Pourquoi aimer la Guyane ?

Le texte si dessous n'est pas de moi. Il est "emprunté" à "Farouk Amri"

Il m’est arrivé ici et là de dénoncer les fléaux qui sévissent en Guyane : la violence, la cherté de la vie, l’échec scolaire, le chômage, en particulier celui des jeunes, les frontières passoires qui ne contredisent pas l’enclavement ressenti…

Pourquoi, dans ces conditions, continuer à vouloir vivre en Guyane ?

Pour les 40% de rémunération supplémentaire (je suis fonctionnaire) qui me permettent d’échapper à la prolétarisation des enseignants de Métropole ? Je dirais oui mais pas seulement car il existe des plans autrement rémunérateurs (la Réunion, les Collectivités d’Outre Mer, les postes d’expatriés) ou matériellement plus intéressants (les Antilles où le coût de la vie est bien moindre qu’en Guyane).

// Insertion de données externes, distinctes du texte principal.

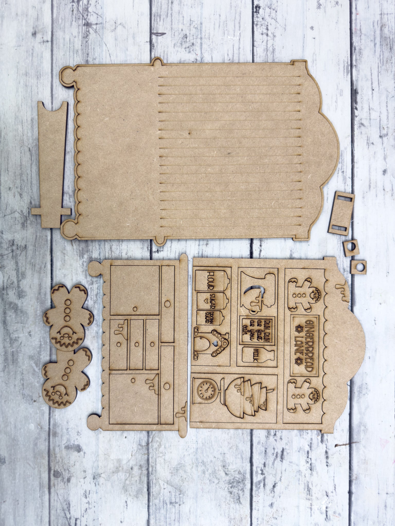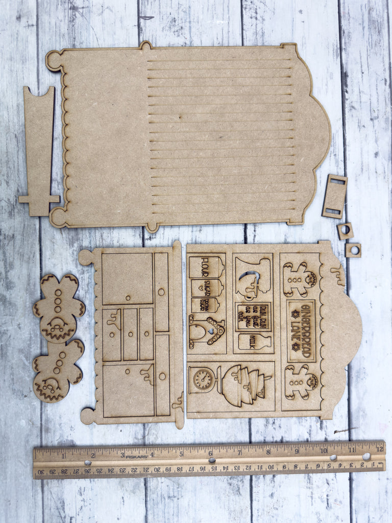 This kit does not include paint, glue, brushes, or any additional embellishments to complete the Mini gingerbread Christmas Hutch DIY Craft Kit.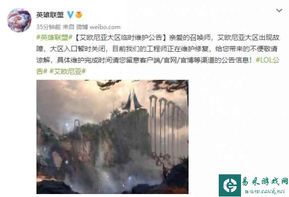 官方: 【艾欧尼亚大区临时维护公告】亲爱的召唤师,艾欧尼亚大区出现故障,大区入口暂时关闭,目前我们的工程师正在维护修复,给您带来的不便敬请谅解,具体维护完成时间请您留意客户端/官网/官博等渠道的公告信息!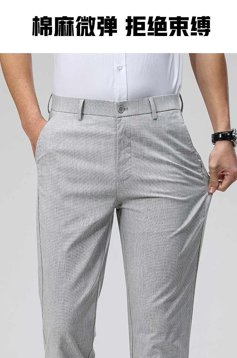 圣得西男士休闲裤春夏季商务休闲棉麻混纺透气舒适男装长裤子男2522913337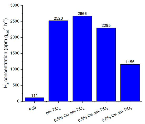 The addition of 0.5%mol of Cu in the mesoporous structure leads to a 5.8% percent increase in H2 production, from 2520 to 2666 ppm gcat−1 h−1. The addition of Ce though seems to be detrimental to H2 production as the 0.5%mol Ce/om-TiO2 sample exhibited 8.9% less H2 than the om-TiO2 sample (2295 ppm gcat−1 h−1). The higher SSA and actual metal loading of the Cu-modified sample could explain the better performance of the om-0.5% mol Cu/TiO2 when compared to the 0.5%mol Ce one. Similarly, the slightly lower surface area caused by Ce may have an influence, which is in line with our assumption that any direct influence of the dopant on the reaction is small. Another possibility is that Cu causes a slightly improved absorption of visible light (Figure 3). Cu is also more likely to be reduced to a metallic state under irradiation, which may then provide active sites for H2 formation. As is evident from Figure 5, the presence of the mesoporous structure is the main reason for the much higher H2 evolution compared to P25. While the addition of Cu leads to an increase in H2 production the extra cost associated with the preparation of the Cu-doped om-TiO2 material is not justified by that marginal increase in productivity.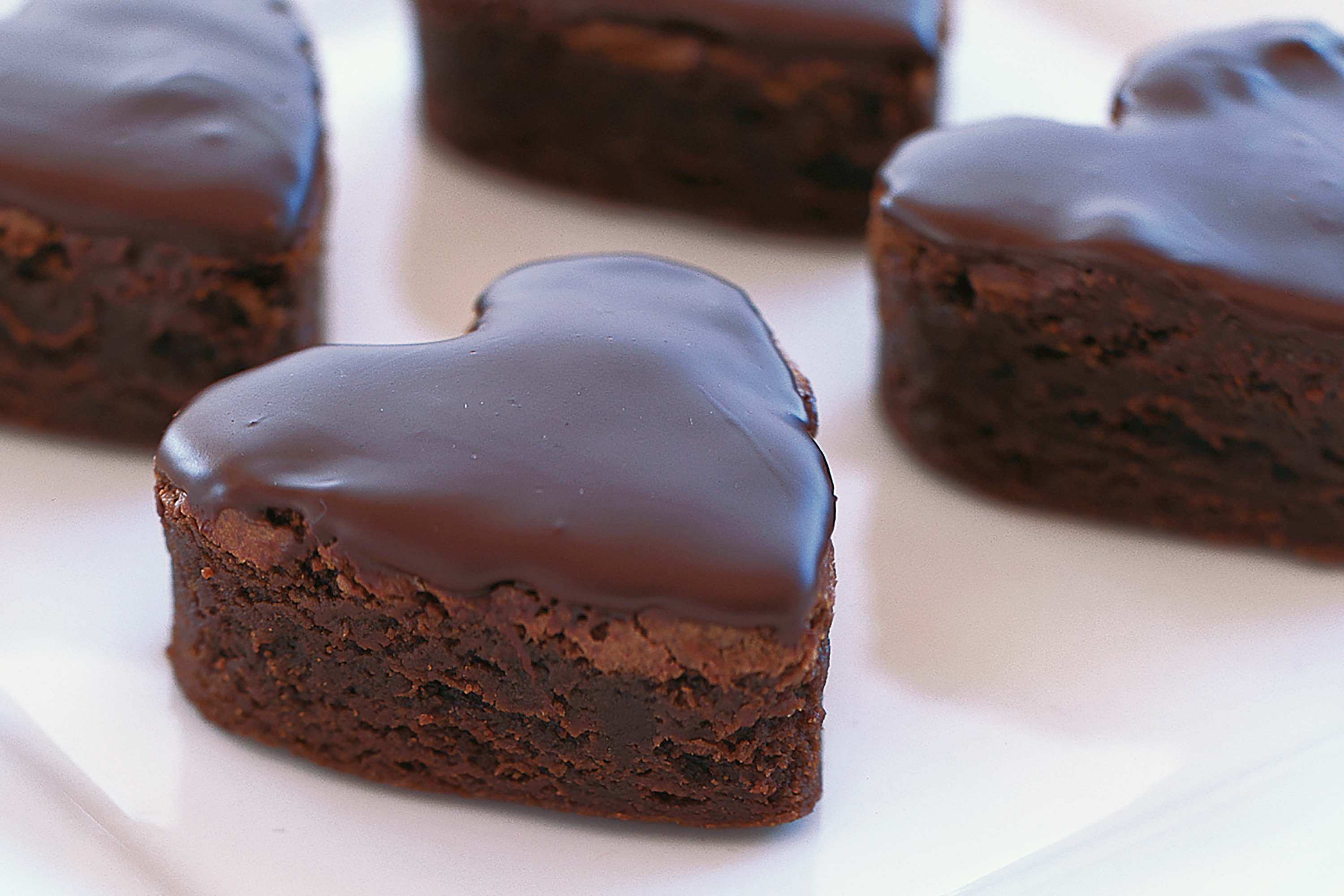 Melt semi-sweet chocolate as directed on package. Dip tops of brownie hearts, 1 at a time, into melted chocolate; place, dipped sides up, on plate. Refrigerate until chocolate glaze is firm.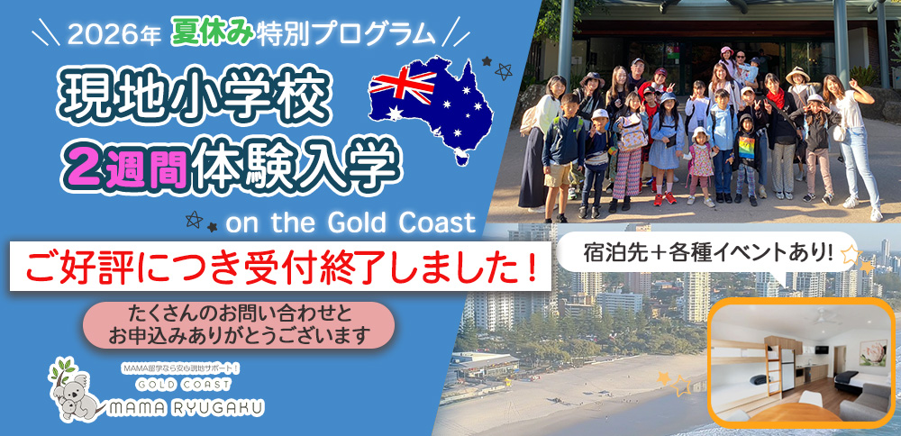 【Mama留学主催】オーストラリア小学校2週間体験入学 20… 続きを読む: 【受付終了!】2026年夏休み特別プログラム|オーストラリア小学校2週間体験入学 - <2026年1月2月3月>ゴールドコースト/ブリスベンの語学学校キャンプ受付スタート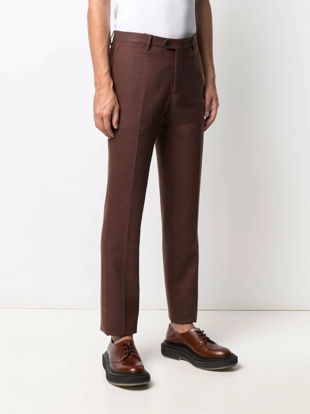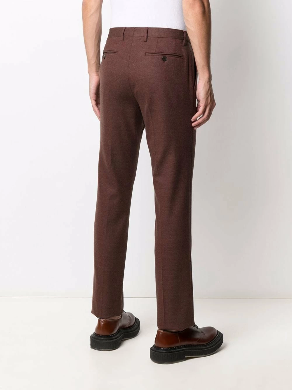 Coupe cintrée, passants de ceinture, plis marqués, fermeture à braguette dissimulée et bouton, poches latérales fendues, deux poches passepoilées boutonnées à l’arrière.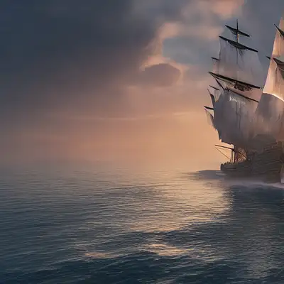 Photo of a ultra realistic sailing ship, dramatic light, pale sunrise, cinematic lighting, battered, low angle, trending on artstation, 4k, hyper realistic, focused, extreme details, unreal engine 5, cinematic, masterpiece, art by studio ghibli, intricate artwork by john william turner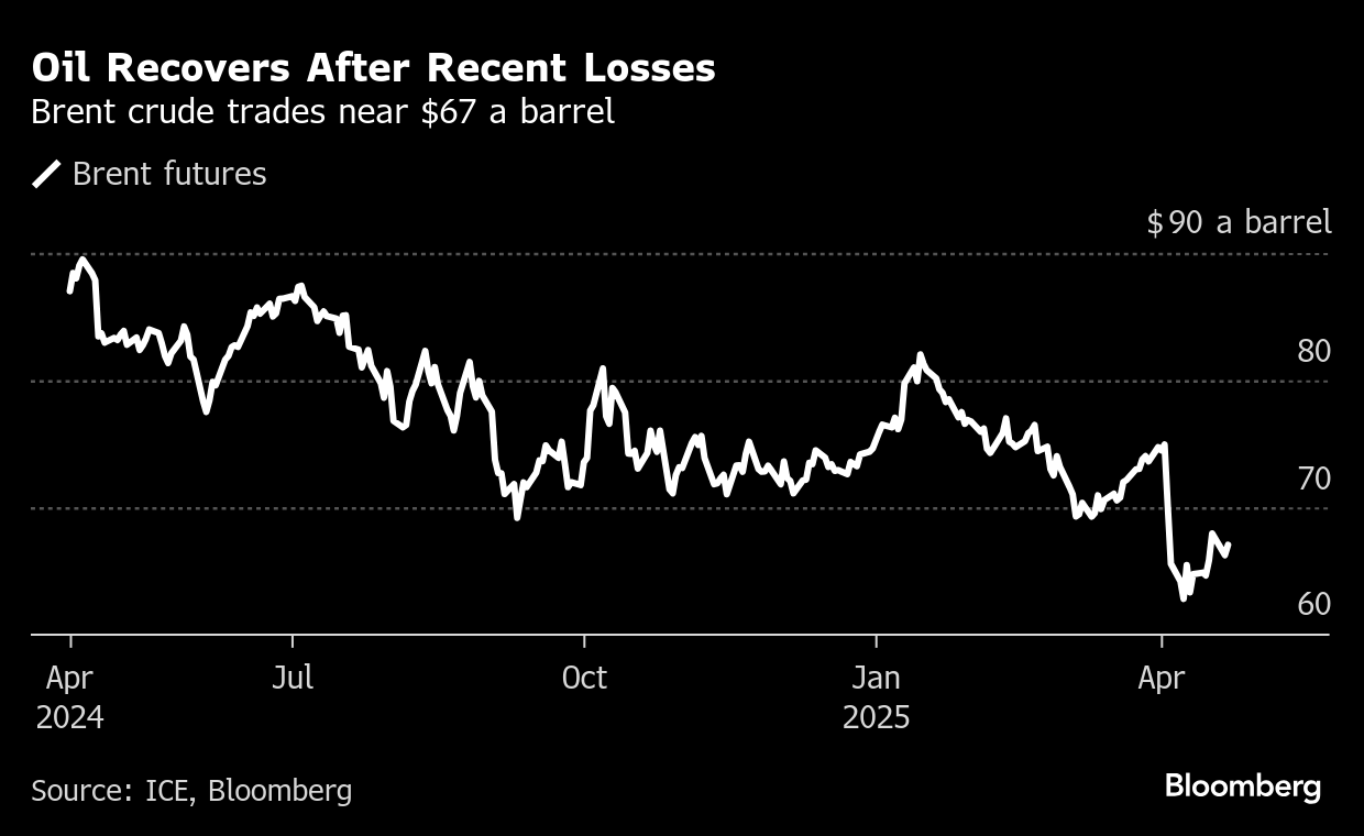 Brent traded near $67 a barrel after sliding 2.5% in the previous session, the most in more than a week. Crude’s partial recovery was aided by a bounce-back in US equity futures.

Alors, concrètement, pourquoi ? J’aime le Péyi pour plusieurs raisons.

D’abord, le champ de liberté qu’offre la Guyane. Aucun autre territoire français n’autorise cette possibilité de s’évader à peu de frais sur les quelques 95 % d’une surface plus grande que le Portugal. Ici, pas de mention « propriété privée » ou « tabou ». Sur un simple coup de tête, on peut partir se ressourcer loin de tout. Emprunter un carbet ou en réaliser un (une bâche, un hamac, deux-trois sangles, une machette, un… bon, j’arrête avec mon côté baroudeur). Se retrouver en pleine forêt pour une nuit, une semaine, un temps indéfini. Canoter sur les fleuves à la recherche de criques mystérieuses et magiques.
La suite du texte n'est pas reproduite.